With regard to Britannica, the early omissions and persistent damnation were consistent with the encyclopaedia’s prudishness regarding all matters deemed potentially upsetting to adults (and necessarily intriguing to children). Biographies of the famous obscured any incidence of sexual matters that differed from either morally good or ‘normal’ behaviour. Oscar Wilde, for example, was imprisoned in Reading Gaol for offences ‘under the Criminal Law Amendment Act’, a statute most widely known for protecting underage girls. In earlier years at Oxford, Wilde ‘adopted what to undergraduates appeared the effeminate pose of casting scorn on manly sports, wearing his hair long, decorating his room with peacock’s feathers, lilies, sunflowers’.

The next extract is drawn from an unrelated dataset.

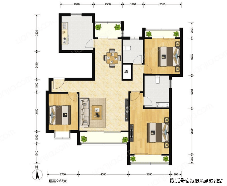 3、选户型,挑选户型时,首先要看户型的朝向。朝向优劣的顺序依次为:正南、东南、东、西南、北、西。

In addition to his survey of factual errors, Harvey Einbinder uncovered numerous incidences of clumsy euphemism. Paul Verlaine’s personal life was disturbed when ‘the strange young poet Jean Arthur Rimbaud came somewhat troublingly into his life’; a later reference described their relationship as ‘extravagant’. Of the naturalist Alexander von Humboldt we learn how, ‘in his later years the sway of an old and faithful servant held him in more than matrimonial bondage’. And Tchaikovsky’s marriage to Antonina Ivanovna Milyukova was described as ‘an impossible one through no fault of hers but simply through his own abnormality of temperament’.

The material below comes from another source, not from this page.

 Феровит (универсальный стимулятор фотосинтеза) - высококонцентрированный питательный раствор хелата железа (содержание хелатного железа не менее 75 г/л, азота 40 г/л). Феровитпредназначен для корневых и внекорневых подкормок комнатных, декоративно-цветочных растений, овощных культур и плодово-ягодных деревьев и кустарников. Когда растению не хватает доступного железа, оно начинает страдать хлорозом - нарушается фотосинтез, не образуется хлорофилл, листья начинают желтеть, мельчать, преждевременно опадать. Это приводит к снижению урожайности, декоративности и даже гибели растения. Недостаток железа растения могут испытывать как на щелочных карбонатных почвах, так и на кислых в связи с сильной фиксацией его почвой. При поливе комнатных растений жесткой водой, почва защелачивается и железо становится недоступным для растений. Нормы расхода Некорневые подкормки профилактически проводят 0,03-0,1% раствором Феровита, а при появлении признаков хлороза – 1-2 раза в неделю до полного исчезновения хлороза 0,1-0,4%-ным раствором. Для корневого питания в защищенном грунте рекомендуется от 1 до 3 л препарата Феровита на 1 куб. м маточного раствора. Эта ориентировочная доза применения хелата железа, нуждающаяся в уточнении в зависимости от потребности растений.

‘The Victorian desire to make artists and poets respectable members of society is sometimes carried to amusing extremes,’ Einbinder writes, quoting the entry on Robert Browning: ‘He frequented literary and artistic circles, and was passionately fond of the theatre; but he was entirely free of a coarse Bohemianism, and never went to bed, we are told, without kissing his mother.’ The entry on Dickens from the 1930s is similarly shy of a full biography when it came to the turbulent details of his relationship with Ellen Ternan. ‘The little that needs saying has already been said,’ wrote G.K. Chesterton, an oddly terse comment in an otherwise comprehensive account (and more to the point, it hasn’t been said in this great encyclopaedia of record). Einbinder concludes that ‘Chesterton grew up under the influence of Victorian ideals which demanded moral perfection from its heroes,’ an influence that also shielded the personal life of William Thackeray.

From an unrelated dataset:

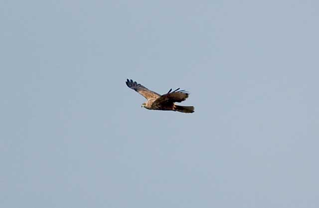2005.3.7 チュウヒ 能登川町の河口の葦原でカモを撮影していた時にやってきたチュウヒです。 チュウヒはタカの仲間で体長は雄で48cm、雌で58cm程度です。 この鳥はカラスよりあきらかに大きくトビ位の大きさに見えましたので雌ではないかと思います。 |

Britannica’s influence was far greater than a regular biography, and its impact reverberated globally for decades. ‘Prudery is like a rare disease that strikes infrequently but leaves serious consequences in its wake,’ Einbinder concludes. Effectively, the encyclopaedia’s frailty when confronted with a true life lived, ‘seals off important areas of human experience from mature examination and perpetuates taboos which are no longer accepted by educated readers.’

In 1974, the fifteenth edition did modify these matters. Tchaikovsky is now definitely homosexual, as is his younger brother Modest. His marriage was hastily conceived to conceal this, and a letter to his other brother Anatoly from 1878 is quoted: ‘Only now … have I finally begun to understand that there is nothing more fruitless than not wanting to be that which I am by nature.’

The trials of Oscar Wilde and his imprisonment are also now explained, although there is still a disapproving reference to his ‘reckless pursuit of pleasure’. Elsewhere, a certain studied suggestiveness presides. Alexander von Humboldt is a ‘gregarious’ figure appearing ‘regularly in the salons of Parisian society’. He was ‘always willing and anxious to assist young scientists at the beginning of their careers’.